Question

a model rocket flies horizontally off the edge of a cliff at a velocity of 40.0m/s. if the canyon below is 110.0m deep, how far from the edge of the cliff does the model rocket land?

Answer 1

Answer:

189.6 m

Explanation:

First of all, we study the vertical motion of the rocket in order to find the time it takes for it to land.
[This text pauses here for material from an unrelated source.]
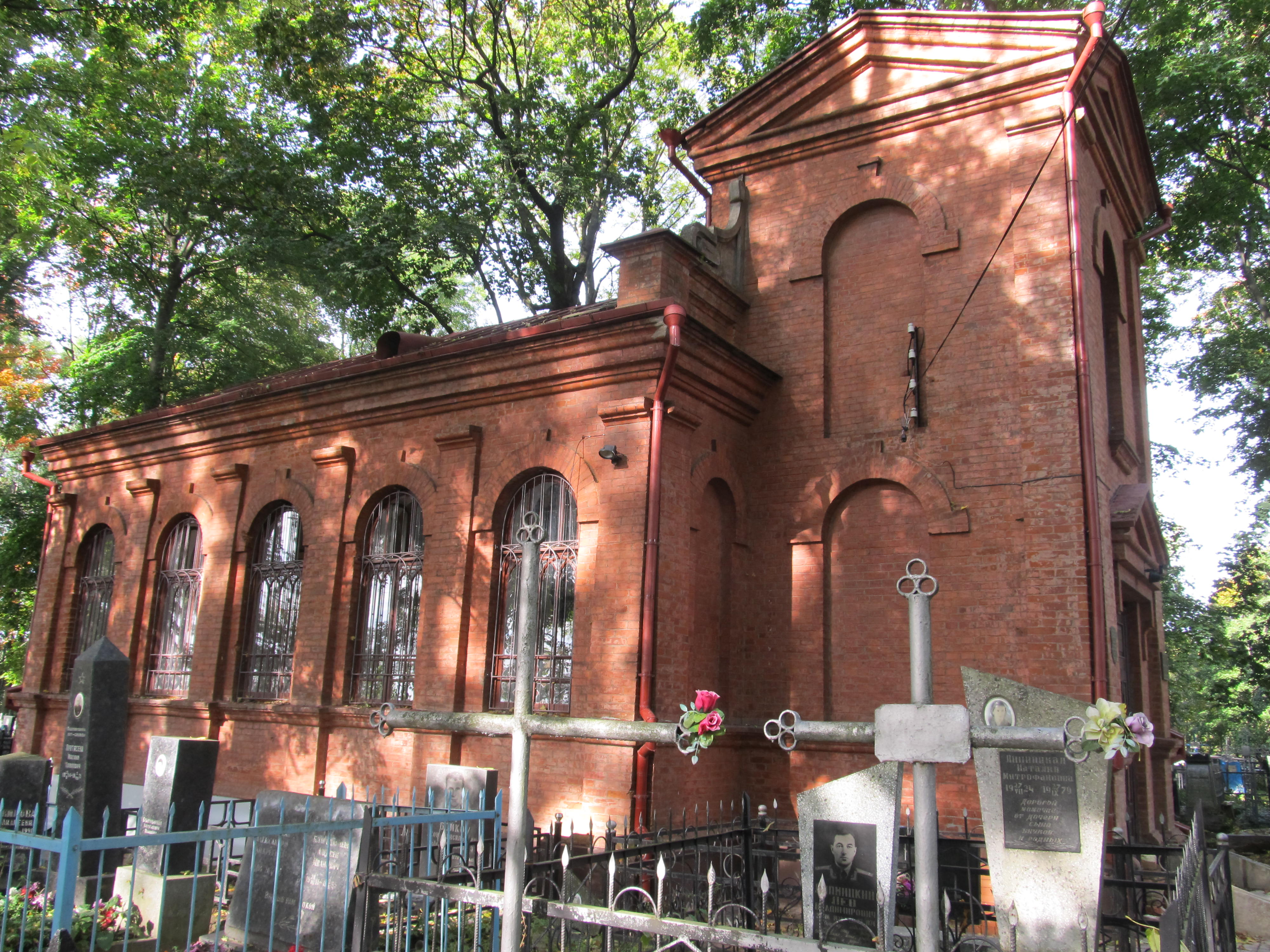 A chapel on catholic cementry in Mogilev, BelarusБеларуская (тарашкевіца): Капліца на каталіцкіх могілках. г. Магілёў This is a photo of Belarusian heritage monument. Reference number: 512Г00058З ( WLM)

The suvat equation for the vertical motion is

$s=ut+\frac{1}{2}gt^2$

where, taking downward as positive direction:

s = 110.0 m is the vertical displacement

u = 0 is the initial vertical velocity

g = 9.8 m/s^2 is the acceleration of gravity

t is the time of flight

Solving for t,

$t=\sqrt{\frac{2s}{g}}=\sqrt{\frac{2(110)}{9.8}}=4.74 s$

Now we can just analyze the horizontal motion, which is a uniform motion with constant velocity, which is equal to

$v_x = 40.0 m/s$

So the distance travelled horizontall after a time t is

$d=v_x t$

So, when the rocket lands (t = 4.74 s), the horizontal distance travelled is

$d=(40.0)(4.74)=189.6 m$

Therefore, the rocket lands 189.6 m far from the edge of the cliff.